TASK INPUTS –

* * * * * * *

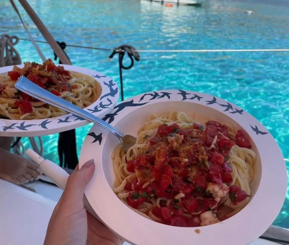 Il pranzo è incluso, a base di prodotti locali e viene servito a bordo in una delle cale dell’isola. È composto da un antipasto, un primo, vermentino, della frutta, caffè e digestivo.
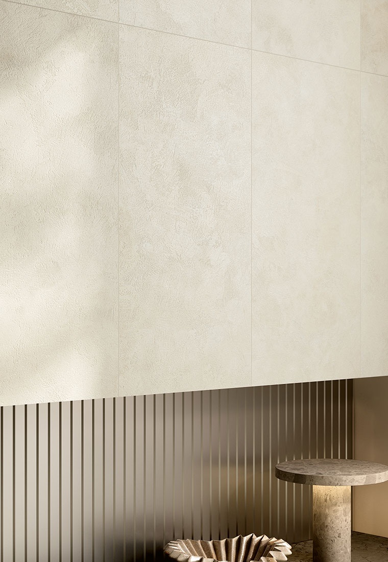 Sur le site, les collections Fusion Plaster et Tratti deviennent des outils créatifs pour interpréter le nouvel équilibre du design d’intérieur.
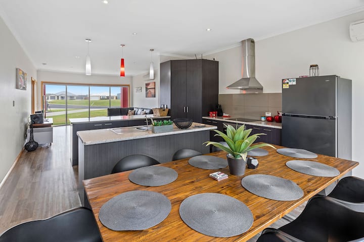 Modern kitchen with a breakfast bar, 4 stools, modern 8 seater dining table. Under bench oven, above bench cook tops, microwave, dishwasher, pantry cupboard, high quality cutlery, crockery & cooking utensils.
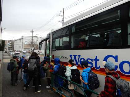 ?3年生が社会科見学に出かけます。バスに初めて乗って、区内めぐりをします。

* * * * * * *

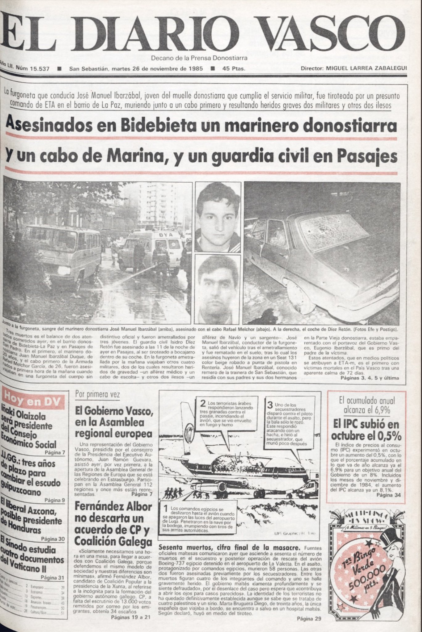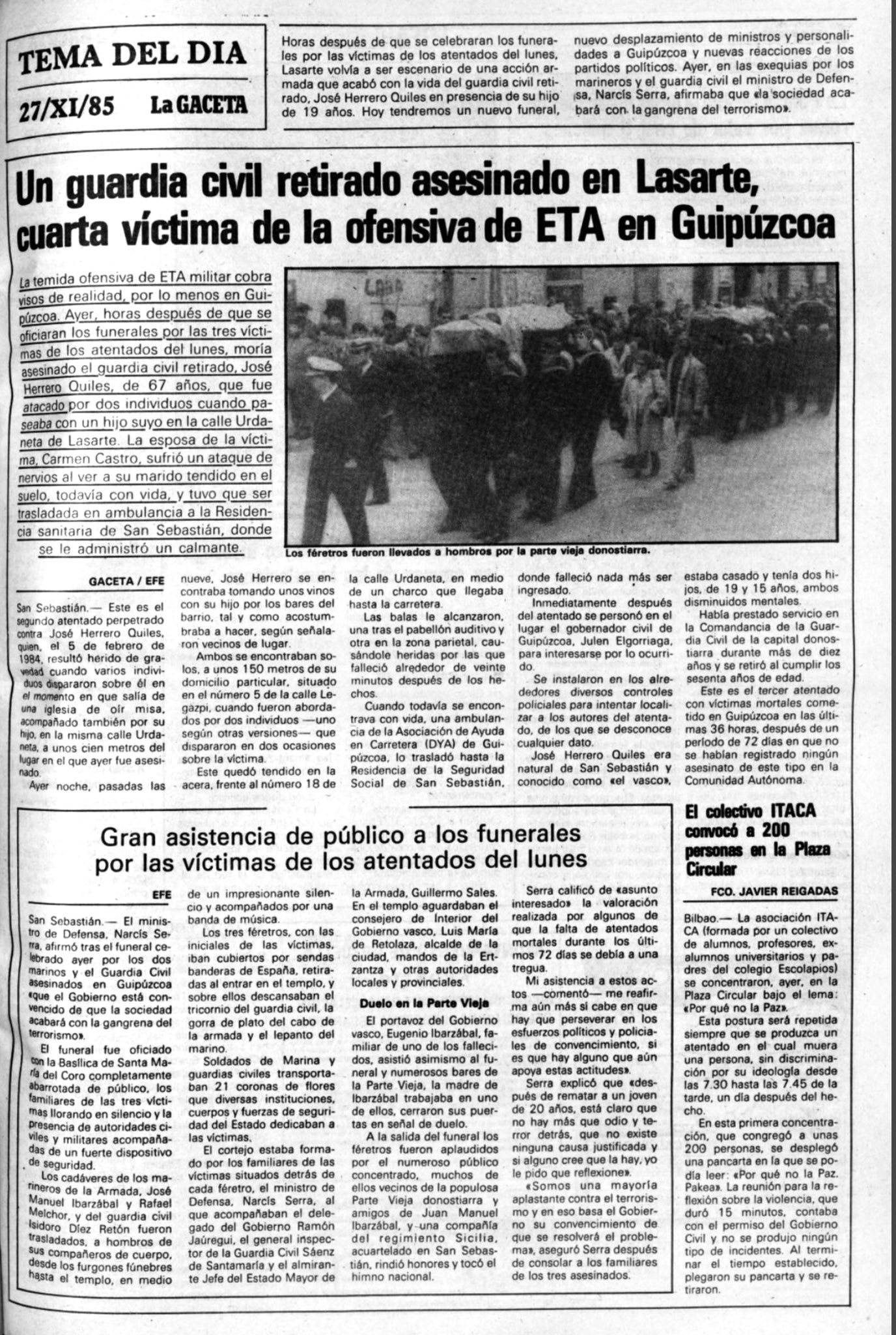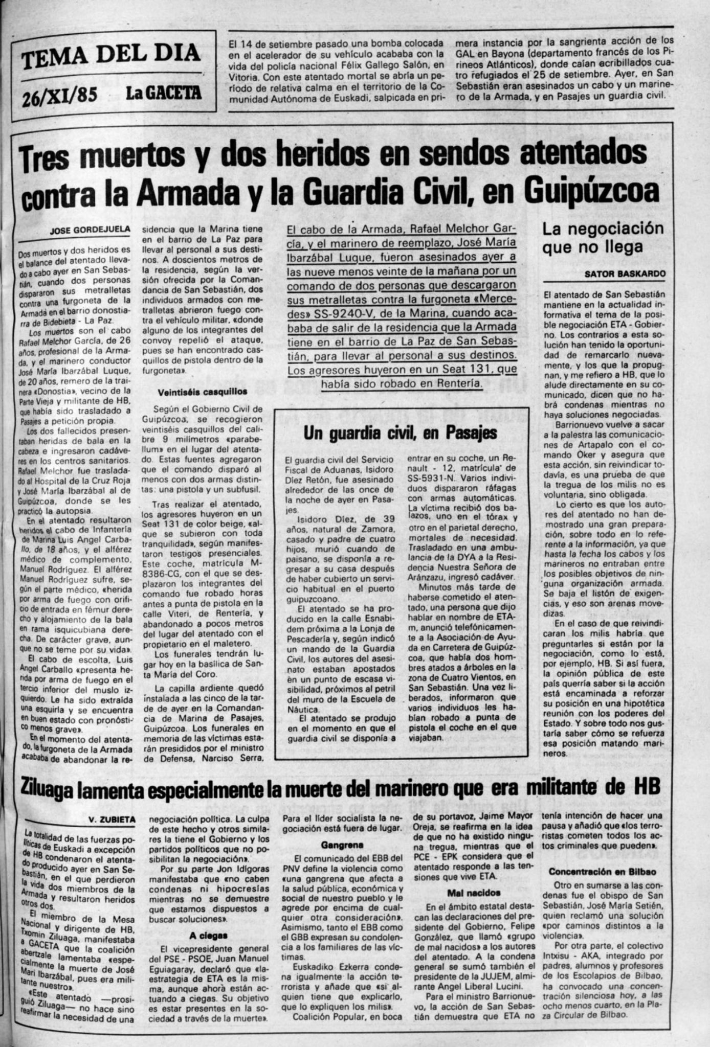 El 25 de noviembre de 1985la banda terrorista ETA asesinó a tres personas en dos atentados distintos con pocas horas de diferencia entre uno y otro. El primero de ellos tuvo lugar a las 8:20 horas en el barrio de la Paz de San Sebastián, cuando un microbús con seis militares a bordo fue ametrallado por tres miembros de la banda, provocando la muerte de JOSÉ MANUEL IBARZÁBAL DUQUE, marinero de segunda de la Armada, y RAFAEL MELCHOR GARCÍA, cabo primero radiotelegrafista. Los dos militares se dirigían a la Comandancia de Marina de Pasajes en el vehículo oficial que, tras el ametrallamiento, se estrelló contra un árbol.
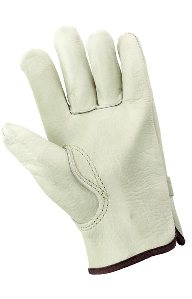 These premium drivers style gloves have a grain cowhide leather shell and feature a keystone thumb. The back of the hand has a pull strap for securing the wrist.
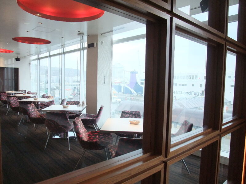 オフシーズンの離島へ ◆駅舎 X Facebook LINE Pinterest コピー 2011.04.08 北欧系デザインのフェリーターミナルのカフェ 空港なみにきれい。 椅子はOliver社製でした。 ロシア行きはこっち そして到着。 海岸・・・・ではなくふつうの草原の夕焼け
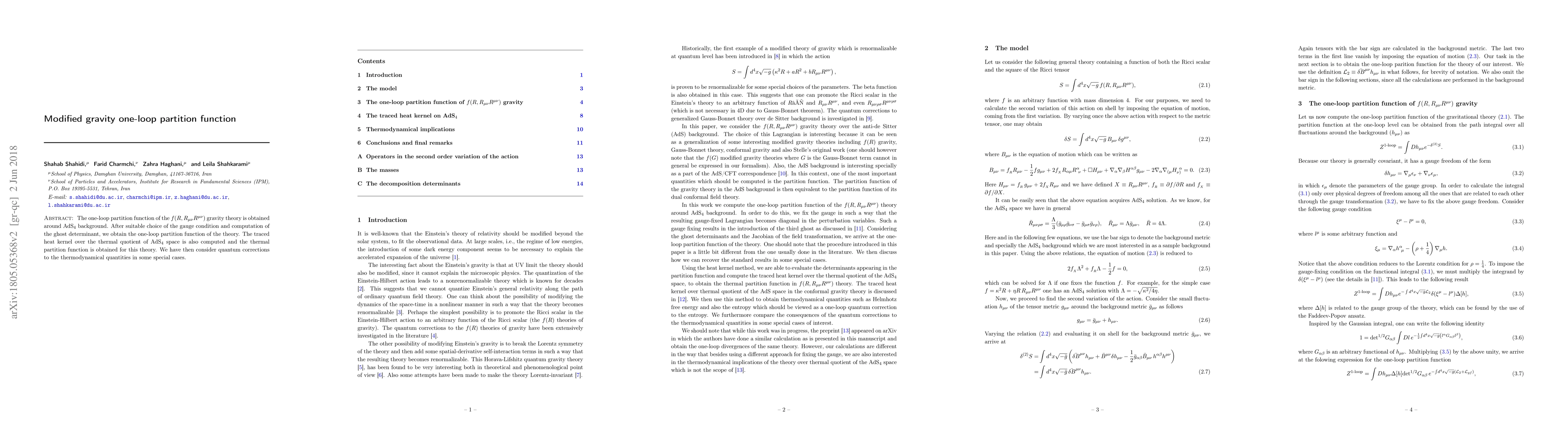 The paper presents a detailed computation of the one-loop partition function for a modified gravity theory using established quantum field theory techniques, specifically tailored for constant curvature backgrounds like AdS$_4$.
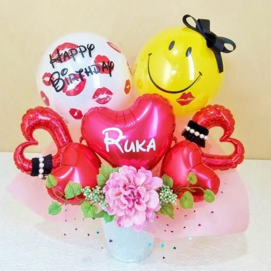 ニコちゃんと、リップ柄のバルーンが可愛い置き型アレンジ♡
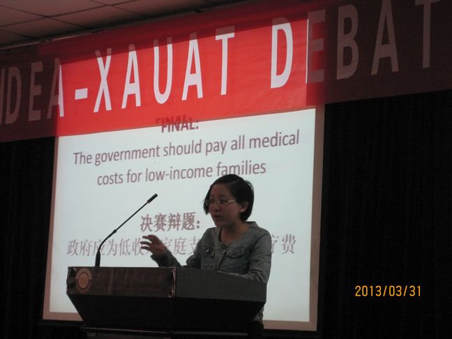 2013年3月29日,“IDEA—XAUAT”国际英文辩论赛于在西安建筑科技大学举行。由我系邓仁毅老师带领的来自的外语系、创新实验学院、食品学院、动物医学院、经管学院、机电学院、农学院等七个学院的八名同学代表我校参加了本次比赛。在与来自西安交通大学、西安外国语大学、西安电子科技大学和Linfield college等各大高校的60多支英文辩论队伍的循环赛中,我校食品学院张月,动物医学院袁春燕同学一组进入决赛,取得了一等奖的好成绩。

* * * * * * *

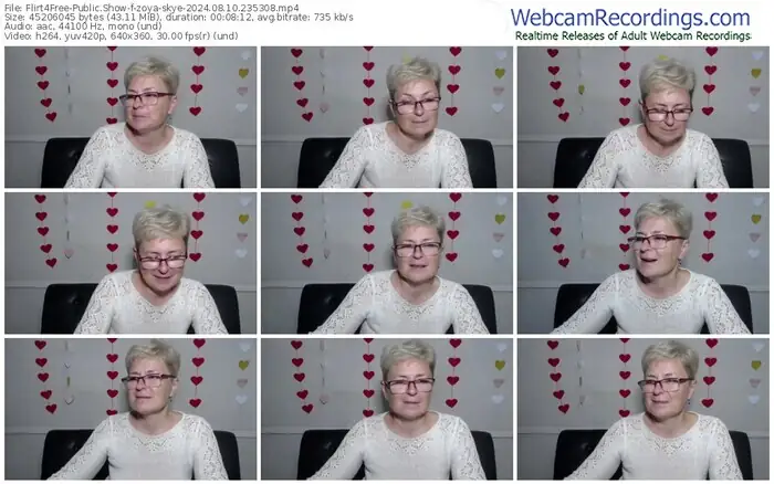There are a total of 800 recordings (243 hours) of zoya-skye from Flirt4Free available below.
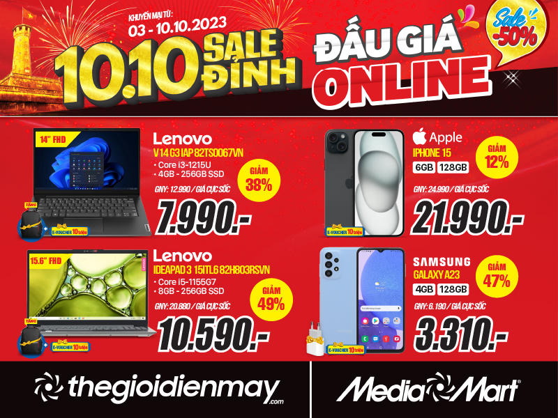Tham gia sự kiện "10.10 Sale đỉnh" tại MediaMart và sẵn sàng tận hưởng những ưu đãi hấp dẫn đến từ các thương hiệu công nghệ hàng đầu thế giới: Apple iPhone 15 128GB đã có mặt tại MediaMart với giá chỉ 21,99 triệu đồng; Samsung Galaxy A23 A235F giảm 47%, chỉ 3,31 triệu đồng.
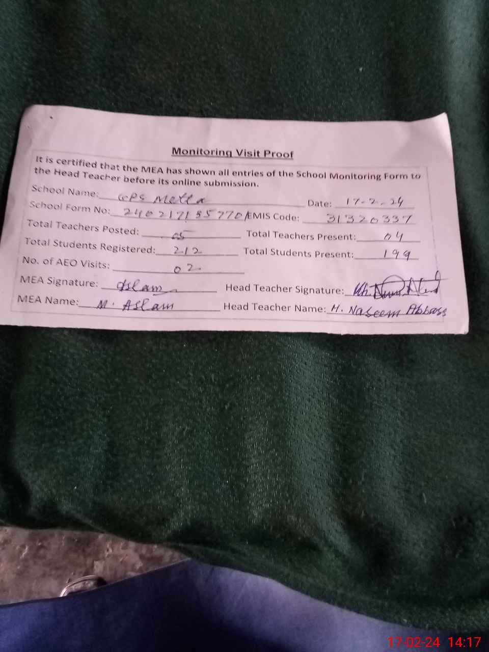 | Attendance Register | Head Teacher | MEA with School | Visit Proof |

* * * * * * *

Look above for the line with "There are a" and the line with "Visit Proof |". Copy them and every line between, exactly, but no pictures.

TASK ANSWER –
There are a total of 800 recordings (243 hours) of zoya-skye from Flirt4Free available below.
Tham gia sự kiện "10.10 Sale đỉnh" tại MediaMart và sẵn sàng tận hưởng những ưu đãi hấp dẫn đến từ các thương hiệu công nghệ hàng đầu thế giới: Apple iPhone 15 128GB đã có mặt tại MediaMart với giá chỉ 21,99 triệu đồng; Samsung Galaxy A23 A235F giảm 47%, chỉ 3,31 triệu đồng.
 | Attendance Register | Head Teacher | MEA with School | Visit Proof |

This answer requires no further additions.